I dream regularly about Jasmine. The most profound dream I had about her was she brought me a real scraggly-looking very wolf-like dark GSD with the message that I was to take care of him. (I'm waiting for this dog to show up some day, seriously!).

But my most profound dream about a dog that has passed on was about Morgan: In my dream, I went to visit my ex-MIL (who had died), who was a big GSD lover. I was shocked when I saw Morgan mosey around the corner in ex-MIL's living room. Since Morgan wasn't expecting to see me there, she didn't notice me. I playfully said to her in a teasing manner, "What? You are not going to say hi to me?" and she looked up and got very excited. 

I woke up crying that morning -- It has never before occurred to me that Morgan really MIGHT be living with her old grandma!

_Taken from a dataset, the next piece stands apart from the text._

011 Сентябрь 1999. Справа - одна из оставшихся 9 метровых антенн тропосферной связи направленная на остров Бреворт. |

It would make perfect sense!


----------



## APBTLove (Feb 23, 2009)

I've never had comforting dream... Every dream I've had including my one dead girl is a nightmare... Me killing her painfully, me struggling to save her and make her right, or me dreaming of her and knowing she's going to die.

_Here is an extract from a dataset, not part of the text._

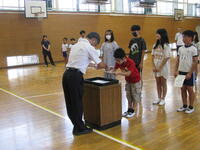 登校時に「おはようございます」と元気なあいさつをしてくれた子ども達。学校に1学期と同様に活気が戻ってきました。夏休み中にロッカーと床が新しくなった教室があったり、トイレのカーテンが新しくなったり、学校も少しずつきれいになっています。始業式では、新しく3名のお友達を紹介し、540名で2学期をスタートしました。また、夏休み中に姉妹都市である能登町との交流会があったことや能登の現状についても子ども達にお知らせしました。能登町の小学生からは、1月の募金や励ましのメッセージに対するお礼のメッセージが届きました。友達やきれいな教室、おいしい給食など、”いつもの学校生活”に感謝し2学期頑張っていきましょうと話しました。

Ones including Dutch are odd, not comforting. I'll dream of her just being her usual self, and trying to tell her and others she's dead. Or she will just be there one second and completely disappear the next... Don't really dream of old Mo, that I can remember. 



It's very nice that you can have comfort... I do sometimes wonder if dreams are more than most think.


----------



## Trina (Sep 11, 2009)

I have the occasional dream where previous dogs make an appearance. During those dreams it seems perfectly natural to see them and have them still be part of my life (in the dream.) I had a dream a couple of nights ago and my elkhound was in it. She died some 28 yrs ago, but I think because I mentioned her in a thread here recently that's why she made an appearance. My akita shows up more than the others (he died nine years ago) but oddly enough I can't ever recall dreaming about Axel, my first GSD.

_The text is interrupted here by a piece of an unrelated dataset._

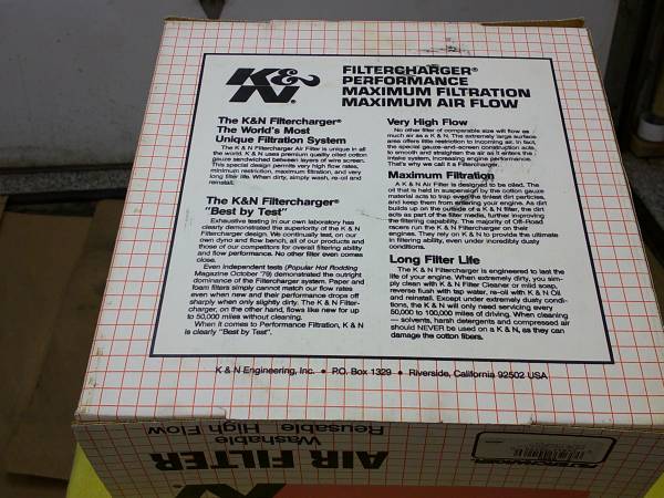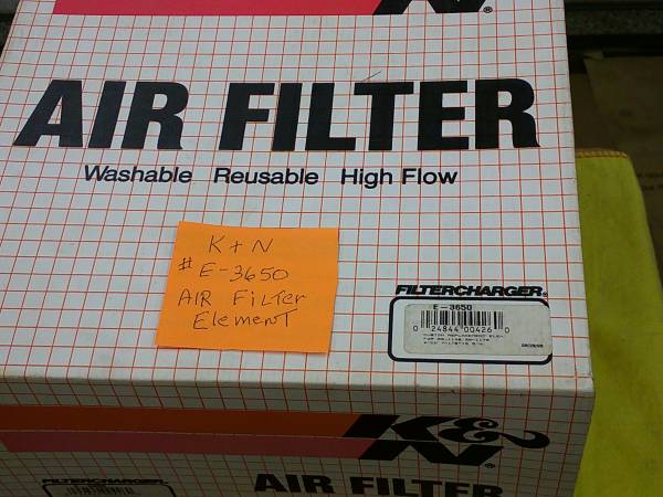 New K&N air filter element # E-3650 for use in air cleaner #58-1150 or #58-1170 or other custom applications. Air filter element measures 9" outside diameter - 7 1/2" inside diameter and is 5" tall. It's pre-oiled from the factory and ready to go. Cash only. Please call John at show contact info

The dreams aren't upsetting or particularly comforting. Like I said, it just seems natural that they should be there.


----------



## dianefbarfield (Apr 12, 2010)

As I said when I joined this forum, I dreamed about Lizzie BEFORE I got her and then searched her out. Turns out that she would have died within a week if we had not gotten her. So I definitely thing some dreams are visitations with messages. We just have to pay attention.


----------



## GSDtravels (Dec 26, 2008)

My grandmother died in 1982 and my first GSD, Clementine, a month later. I once had a dream that I was with Clementine and running from someone. We made it to Grandma's house and rushed in, only to find strangers there. I was in the kitchen yelling at these people to "Get out of my grandmother's house!", when Clementine gently took me by the arm and led me up the stairs to the bedroom. It was the only room in the house that was as it should be, with all of Grandma's things in place. She led me to the chest of drawers and I opened the top drawer that I had always played in as a child, the one with all of her make-up and "stuff". As soon as I opened the drawer, I SMELLED my grandmother. It was her unique smell, the one mixed with powder, Tussy deodorant and her light, daytime cologne. It had been a few years since both of their deaths and it just consumed me. I woke up crying my eyes out. I've never before nor since, remember a scent in a dream, but just that once, my Clementine took me home to Gram.


----------



## JazzNScout (Aug 2, 2008)

GSDtravels said:


> I've never before nor since, remember a scent in a dream, but just that once, my Clementine took me home to Gram.


 wow!


----------



## dianefbarfield (Apr 12, 2010)

Tussy....my grandmother's smell as well. She also used their face powder. They still make it and I look like an idiot when I see some in a store and stand there smelling it with my eyes closed. But I can feel her cheek, so soft, when I smell that. Your dog knew what you needed to experience to say goodbye. That was no dream, much more.


----------



## EchoGSD (Mar 12, 2010)

I had a recurring dream after learning that my GSD Shiloh would soon be needing to cross the bridge...in the dream I was walking through my neighborhood and looking down to see a GSD on the leash, but the GSD was not Shiloh. I had the dream more than once, and it always unnerved me. About 6 months after losing Shiloh I brought home a new GSD pup, Echo, who looked nothing like Shiloh. It was then that I realized that Echo was the GSD I had seen in my dreams. Odd, but no longer unnerving. It was almost as if I had been told in advance that despite losing Shiloh, it would be okay to love a new dog....


----------



## Samba (Apr 23, 2001)

Mine have visited me several times in dreams. One dream was vivid and more "real" than awake consciousness. Very comforting.


----------



## Mary Beth (Apr 17, 2010)

It's a relief to be read the other posts and know it wasn't in my imagination. Not dreams (it could be, but I don't remember my dreams) but well, "waking dreams" - this happened only with my beloved Dobe Sting, who I named my GSD after - I think because she didn't live a long life, she had been retired and I only had her for 5 months before she died. I would feel her prescence, so close I could reach out and touch her - this occured when the dog that I had after her - my Aussie was getting old and I was thinking "what next?" I don't know how to say this - but she helped me to open my heart up and accept the first puppy in my life after my Aussie died.


----------